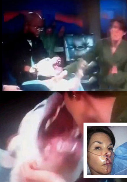 2012年2月,美国丹佛市一家电视台的女主播在电视直播节目中突然遭到现场的“嘉宾狗”攻击,在众多观众面前被咬伤。此案中的“嘉宾狗”名叫“麦克斯”。作为烈犬的麦克斯在直播过程中突然对女主持人戴尔发动攻击。整个攻击过程也被现场直播给所有收看节目的观众。图为主持人被狗“袭击”。
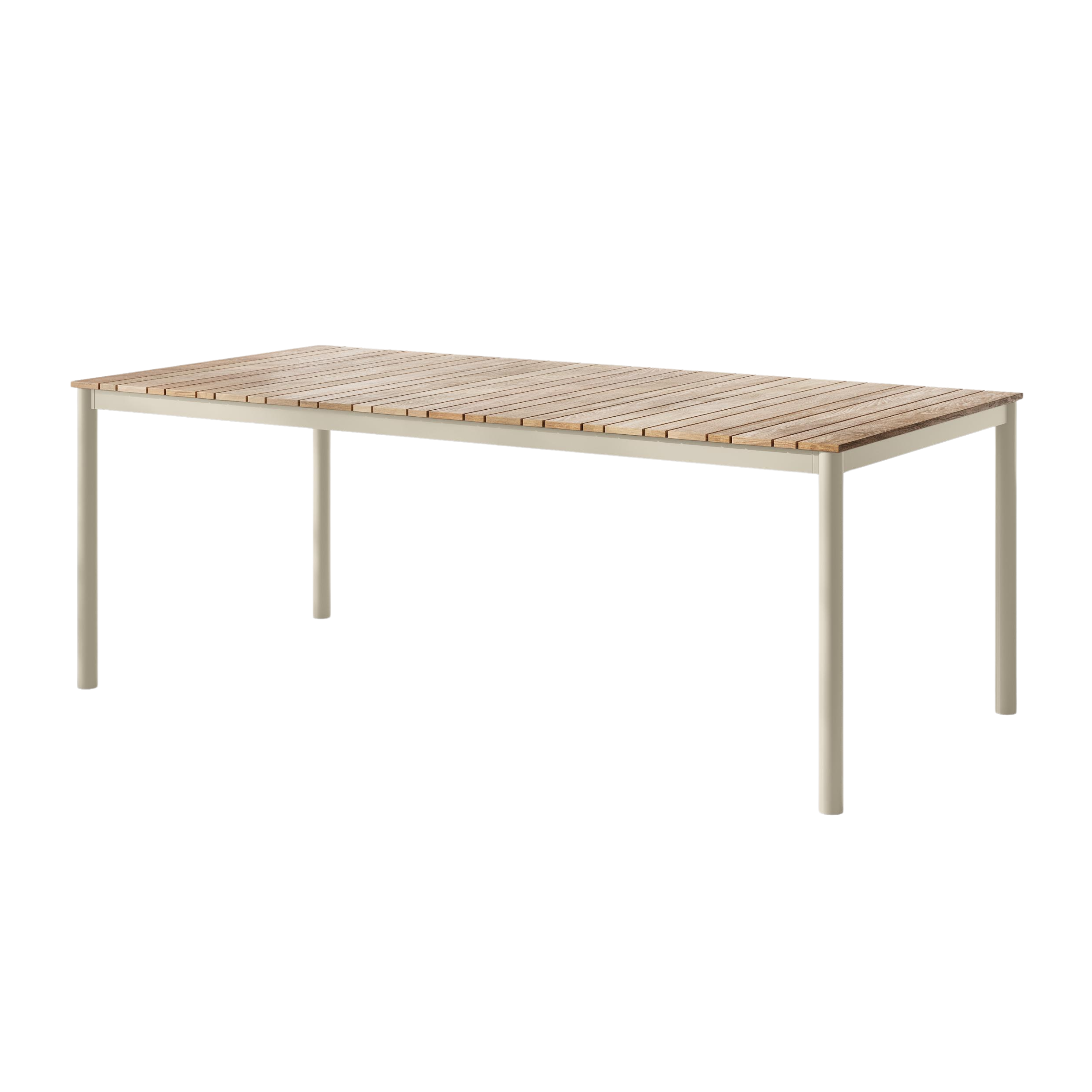 Det sandfarvede aluminiumsstel kombineret med teaklameller i to forskellige bredder giver bordet en varm og tidløs karakter, hvor det diskrete spil i overfladen tilfører et moderne og sofistikeret udtryk.
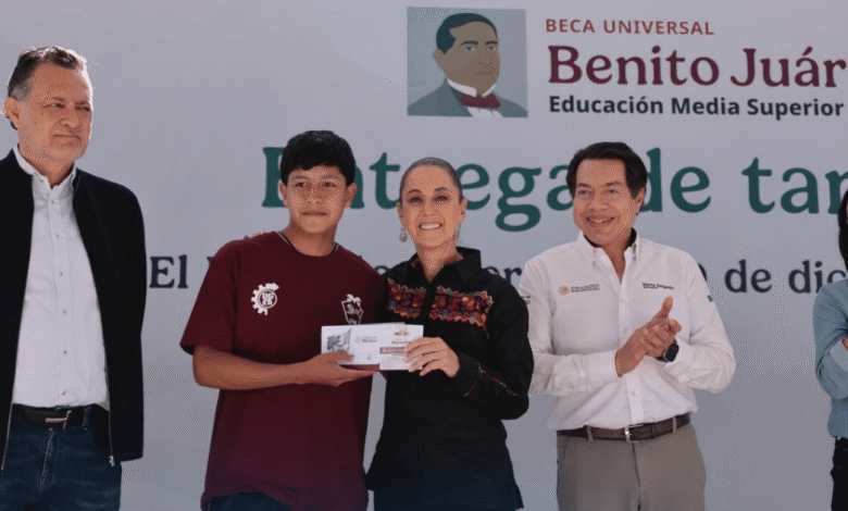 En Querétaro, la Presidenta de México, Claudia Sheinbaum Pardo, encabezó la entrega de tarjetas de la Beca Universal para la Educación Media Superior “Benito Juárez” y supervisó la construcción del nuevo Centro de Bachillerato Tecnológico Industrial y de Servicios (CBTIS) No. 304, en el municipio de El Marqués, que tiene un 90 por ciento de avance y estará listo el 27 de diciembre para ser inaugurado en febrero, y con ello cumplir el sueño de que las y los jóvenes vayan a la preparatoria y accedan a la educación como un derecho.
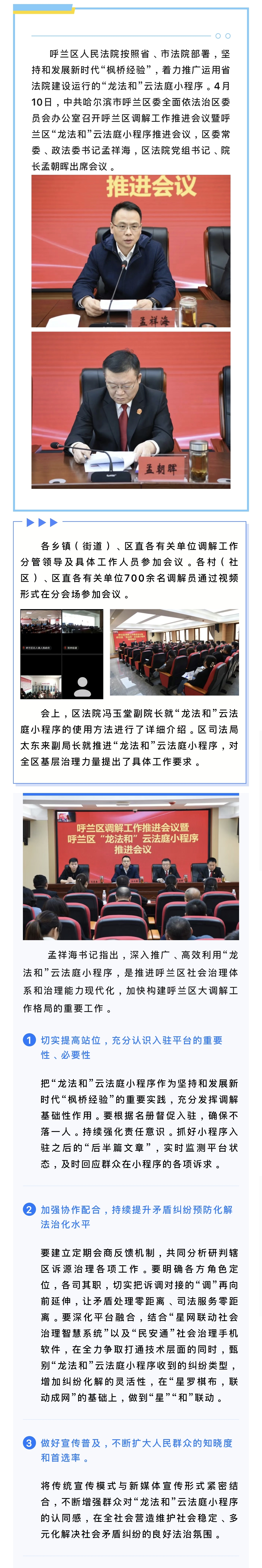 “星”“和”联动,探索诉源治理呼兰实践 ——呼兰区召开调解工作推进会议暨“龙法和”云法庭小程序推进会议
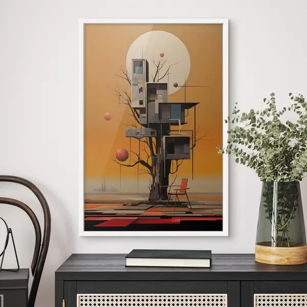 Poster Surreale casa sull'albero su sfondo arancione f46526
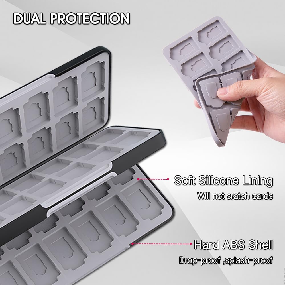💗【Full Protection】 The outer hard shell is made of high-quality ABS material, which is waterproof, dustproof, shockproof, scratch-proof, sturdy and durable, effectively protecting the Switch game card from impact and falling. The interior cushion protector is made of soft silicon lining material, precise card position, ensure the Switch game cards stay at place without slipping.
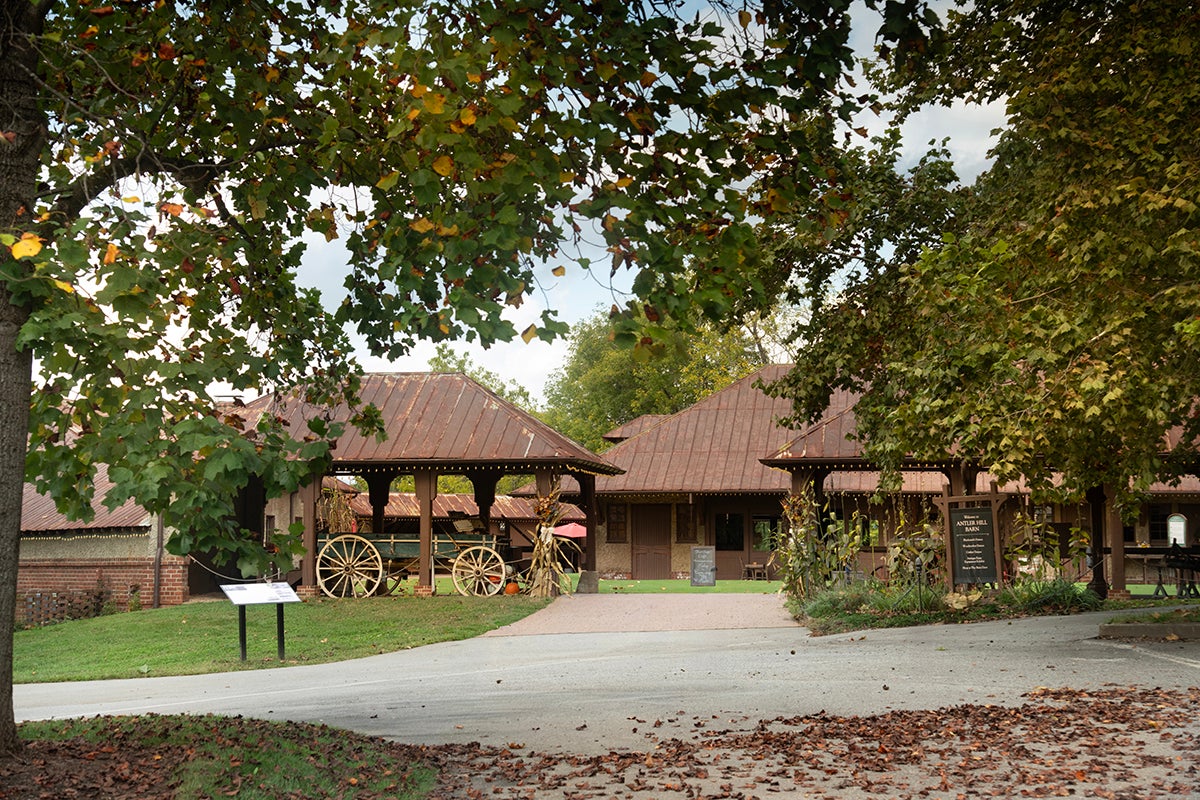 Summer’s hot days and thunder showers usually become far less frequent as the season draws to a close. By mid- to late September, the estate’s late summer garden annuals may perk up with the cooler nights, only to be replaced with colorful chrysanthemums in October. In Antler Hill Village, wave upon wave of sunflowers rise skyward and share their cheerful full-bloom faces. Depending on weather conditions, the estate’s yellow buckeyes can show early leaf coloration, and dogwoods may develop light shades of red, hints that fall will soon be upon us in Asheville. Ironweed flowers and late summer goldenrods also signal summer’s finale, as butterflies enjoy their final sips of sugary nectar. Much to the delight of squirrels and turkeys getting ready for winter, acorns and hickory nuts begin to drop to the forest floor.
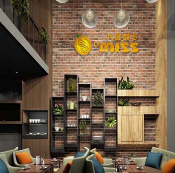 南寧甜品店設(shè)計(jì)一樓前廳,裸露的紅磚墻,木制的裝飾柜,綠色的植物,復(fù)古式吊燈,一切都是這么隨心所欲,來到這里就是放松心情!
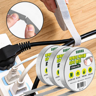 12mm x 5M 벨크로 케이블 타이 테이프 회색 다용도 정리소품, 3개
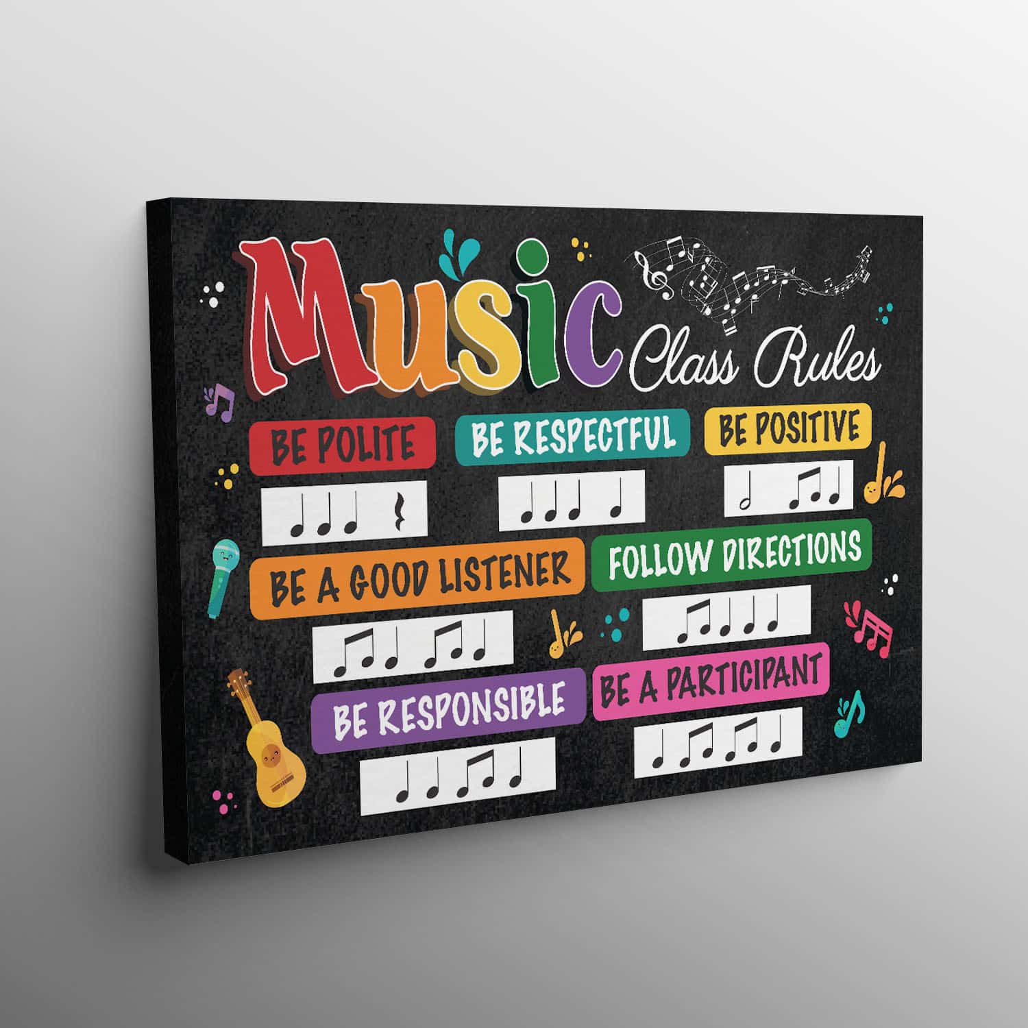 Let’s Shop Music Class Rules Be Polite Be Respectful Be Positive Gallery Wrapped Framed Canvas Prints – Unframed Poster!
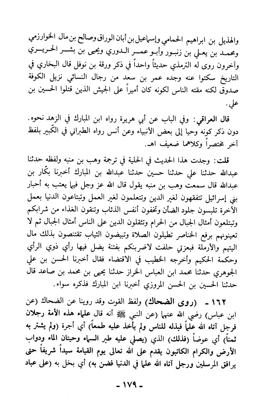 162 - (روى الضحاك) ولفظ القوت وقد روينا عن الضحاك (عن ابن عباس) رضي الله عنهما (عن النبي - صلى الله عليه وسلم - أنه قال علماء هذه الأمة رجلان فرجل آتاه الله علماً فبذله للناس ولم يأخذ عليه طمعاً) أي أجرة (ولم يشتر به ثمناً) أي عوضاً (فذلك) الذي (يصلي عليه طير السماء وحيتان الماء ودواب الأرض والكرام الكاتبون يقدم على الله تعالى يوم القيامة سيداً شريفاً حتى يرافق المرسلين ورجل آتاه الله علماً في الدنيا فضن به) أي بخل به (على عباد

..........

Your answer must be an exact copy of the lines above, from the line that contains "Summer’s hot days" through the final line, with no pictures in it.

▸ FINISHED TASK
 Summer’s hot days and thunder showers usually become far less frequent as the season draws to a close. By mid- to late September, the estate’s late summer garden annuals may perk up with the cooler nights, only to be replaced with colorful chrysanthemums in October. In Antler Hill Village, wave upon wave of sunflowers rise skyward and share their cheerful full-bloom faces. Depending on weather conditions, the estate’s yellow buckeyes can show early leaf coloration, and dogwoods may develop light shades of red, hints that fall will soon be upon us in Asheville. Ironweed flowers and late summer goldenrods also signal summer’s finale, as butterflies enjoy their final sips of sugary nectar. Much to the delight of squirrels and turkeys getting ready for winter, acorns and hickory nuts begin to drop to the forest floor.
 南寧甜品店設(shè)計(jì)一樓前廳,裸露的紅磚墻,木制的裝飾柜,綠色的植物,復(fù)古式吊燈,一切都是這么隨心所欲,來到這里就是放松心情!
 12mm x 5M 벨크로 케이블 타이 테이프 회색 다용도 정리소품, 3개
 Let’s Shop Music Class Rules Be Polite Be Respectful Be Positive Gallery Wrapped Framed Canvas Prints – Unframed Poster!
 162 - (روى الضحاك) ولفظ القوت وقد روينا عن الضحاك (عن ابن عباس) رضي الله عنهما (عن النبي - صلى الله عليه وسلم - أنه قال علماء هذه الأمة رجلان فرجل آتاه الله علماً فبذله للناس ولم يأخذ عليه طمعاً) أي أجرة (ولم يشتر به ثمناً) أي عوضاً (فذلك) الذي (يصلي عليه طير السماء وحيتان الماء ودواب الأرض والكرام الكاتبون يقدم على الله تعالى يوم القيامة سيداً شريفاً حتى يرافق المرسلين ورجل آتاه الله علماً في الدنيا فضن به) أي بخل به (على عباد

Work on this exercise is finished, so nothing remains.